• DATA BLOCK:
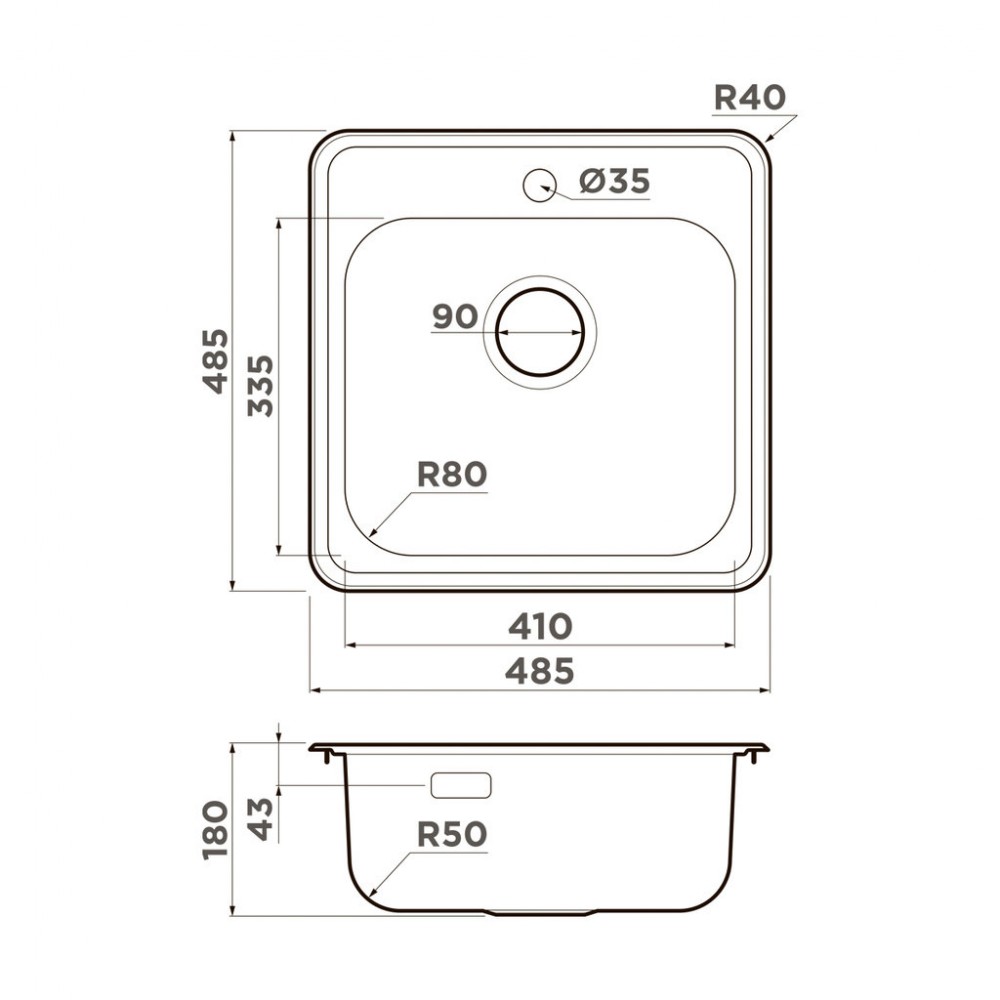 Мойки врезные Omoikiri Notoro 48-IN 48,5x48,5 нержавеющая сталь (4997436)
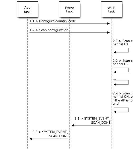 Upon receiving this event, the event task does nothing. The application event callback needs to call esp_wifi_scan_get_ap_num() and esp_wifi_scan_get_ap_records() to fetch the scanned AP list and trigger the Wi-Fi driver to free the internal memory which is allocated during the scan (do not forget to do this)! Refer to ‘ESP32 Wi-Fi Scan’ for a more detailed description.
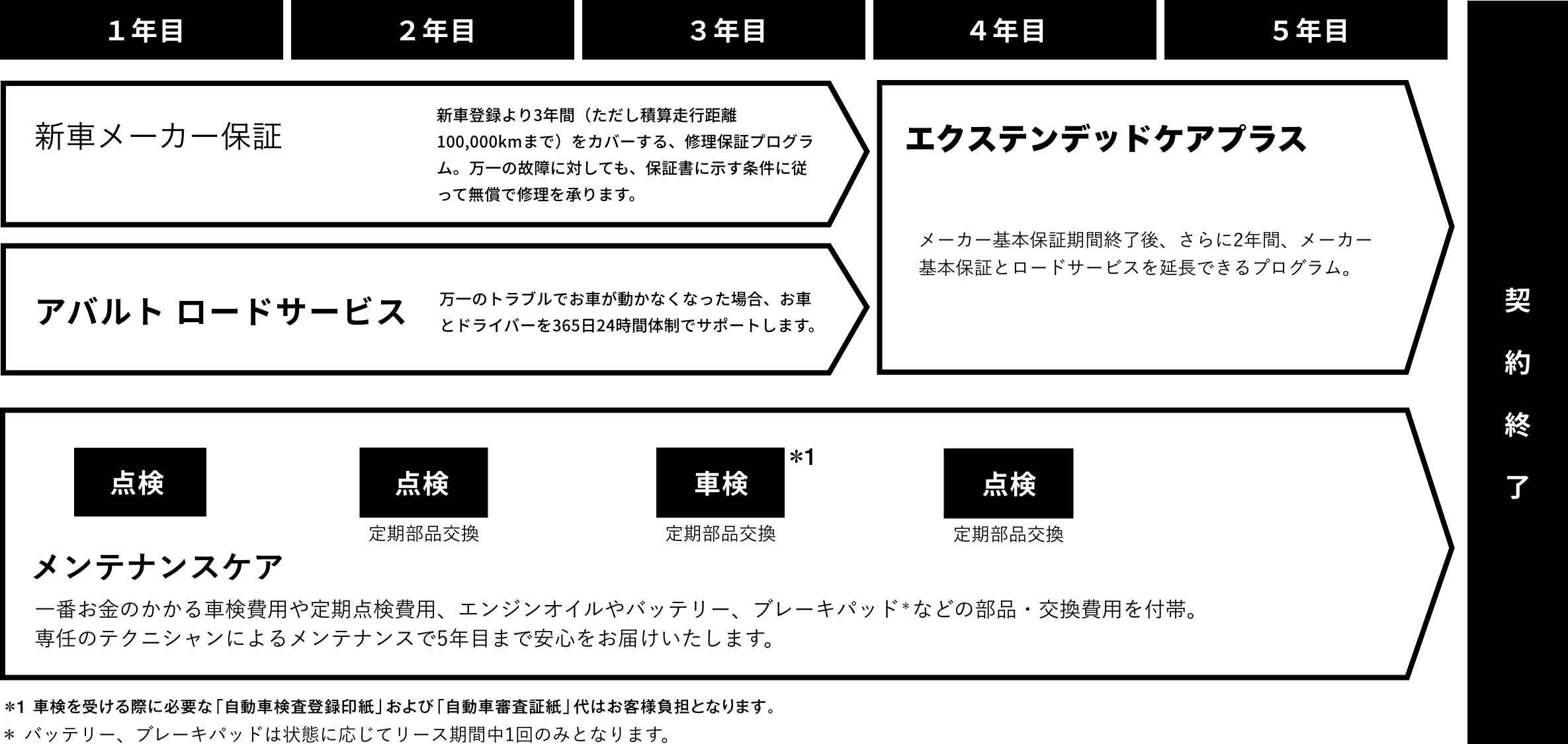 初回車検費用一式、法定12ヶ月点検費用(1年ごと:1年目、2年目、4年目)、部品交換(ブレーキフルード、ポーレンフィルター、ワイパー(左右セット・リア)、ウォッシャー液補充、補機用バッテリー*1 、ブレーキパッド *1 の交換費用)が含まれます。

• EXERCISE AIM:
Copy the data above line for line, skipping every picture.

• WRITTEN SOLUTION:
 Мойки врезные Omoikiri Notoro 48-IN 48,5x48,5 нержавеющая сталь (4997436)
 Upon receiving this event, the event task does nothing. The application event callback needs to call esp_wifi_scan_get_ap_num() and esp_wifi_scan_get_ap_records() to fetch the scanned AP list and trigger the Wi-Fi driver to free the internal memory which is allocated during the scan (do not forget to do this)! Refer to ‘ESP32 Wi-Fi Scan’ for a more detailed description.
 初回車検費用一式、法定12ヶ月点検費用(1年ごと:1年目、2年目、4年目)、部品交換(ブレーキフルード、ポーレンフィルター、ワイパー(左右セット・リア)、ウォッシャー液補充、補機用バッテリー*1 、ブレーキパッド *1 の交換費用)が含まれます。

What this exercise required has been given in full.